Awards and highlights
- Second-team All-Sun Belt (2010);

Career NFL statistics
- Receptions: 10
- Receiving yards: 186
- Receiving touchdowns: 1
- Stats at Pro Football Reference

= Lestar Jean =

American football player (born 1988)

Lestar Jean (born February 5, 1988) is an American former professional football player who was a wide receiver in the National Football League (NFL). He has also played for the Minnesota Vikings and Houston Texans. He played college football for the Florida Atlantic Owls.

==Professional career==

===Houston Texans===
Jean signed with the Houston Texans as an undrafted free agent after the 2011 NFL lockout concluded.
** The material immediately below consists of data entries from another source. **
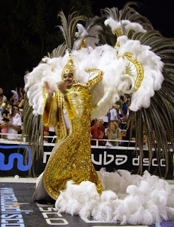 G- cuando yo lo conzoco a él, yo ya estaba en una etapa donde ya habia tenido la petición de parte de la comision de Papelitos de hacercar una carpeta. De hecho se presento una carpeta sea para el 2005 pero quizás pero me vieron joven, quizás vieron que era de afuera o quizás no les gustó la idea, que es posible tambien. Entonces a partir de esa epoca surge la idea que se podría hacer algunos vestuarios para alquilar. De hecho, encontré una parte muy importante en cuanto a clientes en lo que es la gente de Brasil, porque acá no hay vestuaristas de ese estilo, no en Buenos Aires, no que se especialicen en carnaval. Entonces llegué yo con algunas ideas interesantes, empece a moverme en un mercado de gente brasilera
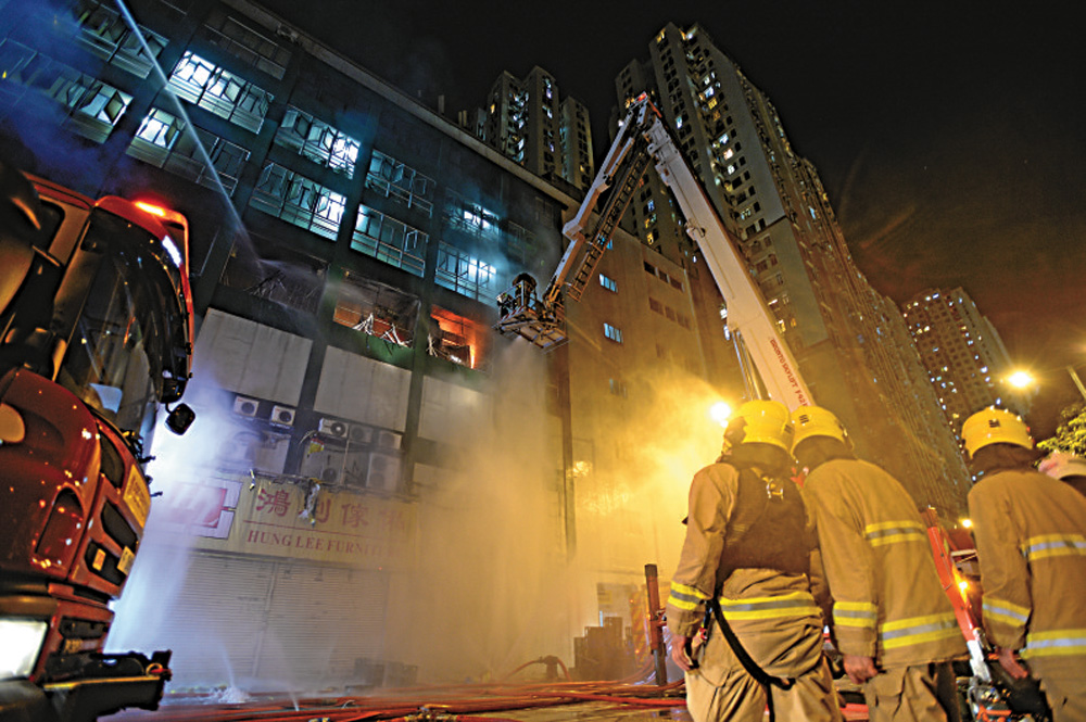 圖:淘大工業村迷你倉大火,燒108小時,導致兩消防員不幸殉職
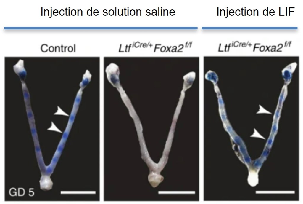 Dans la période précédant l’implantation et pendant l’implantation, l’endomètre utérin est loin d’être passif. Les glandes utérines nourrissent bien sûr l’embryon et sécrètent également du LIF (pour Leukemia Inhibitory Factor) qui déclenche dans les cellules du trophectoderme une cascade de signalisation qui est indispensable à une bonne implantation (Kelleher et al., 2018).
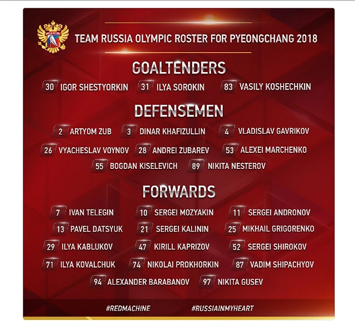 В четверг сборная России по хоккею огласила состав на Олимпийский турнир в Пхёнчхане.
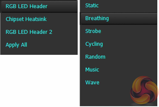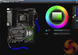 The ASRock AURA RGB LED software allows you to individually tune the main LED regions of the motherboard which are the Chipset heatsink (onboard LEDs) and two RGB LED headers (both optional and not included). It works by selecting the colour on the outer ring first, then the inner ring after and then you can pick the style from the drop down menu, there are currently 7 modes as shown above.
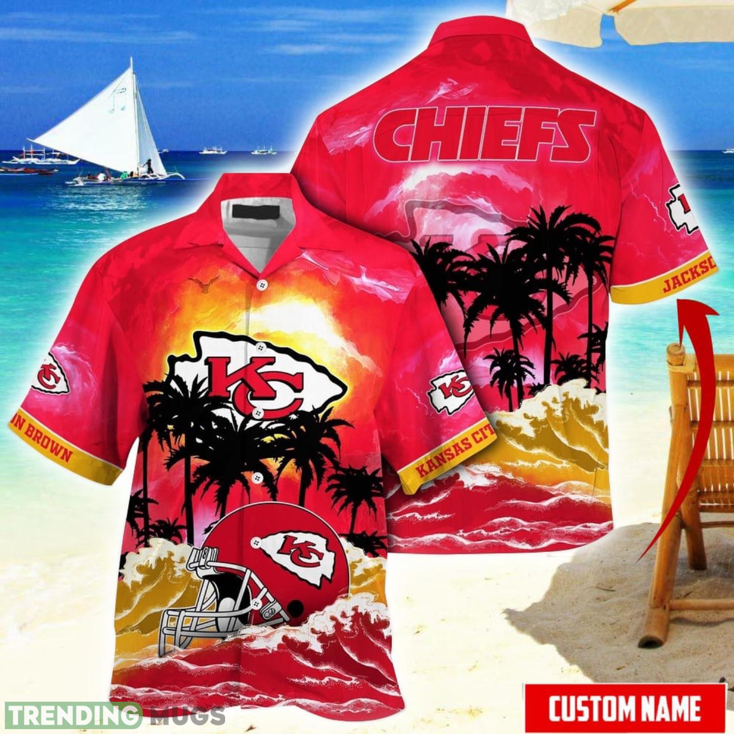 What sets this Hawaiian shirt apart is the ability to personalize it with your name, making it truly one-of-a-kind. Stand out from the crowd and proudly display your love for the Kansas City Chiefs with this unique and eye-catching shirt. Whether you’re tailgating, attending a game, or simply enjoying a summer day, this shirt is the perfect choice.
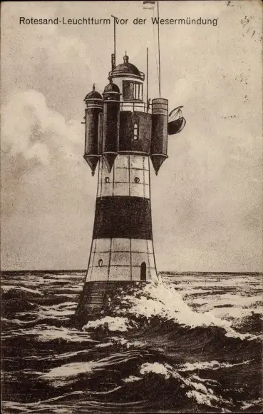 Ak Rotesand Leuchtturm vor der Wesermündung

After spending the entire 2011 season on injured reserve due to a shoulder injury suffered in the preseason, Jean began the 2012 season as the team's fourth wide receiver. In week 13 against the Tennessee Titans, Jean caught a 54-yard pass from Matt Schaub for his first career touchdown. It was Jean's only reception of the game.

===Minnesota Vikings===
The Minnesota Vikings signed Jean on April 8, 2014.

===Orlando Predators===
On November 6, 2015, Jean was assigned to the Orlando Predators of the Arena Football League. On March 18, 2016, Jean was placed on recallable reassignment.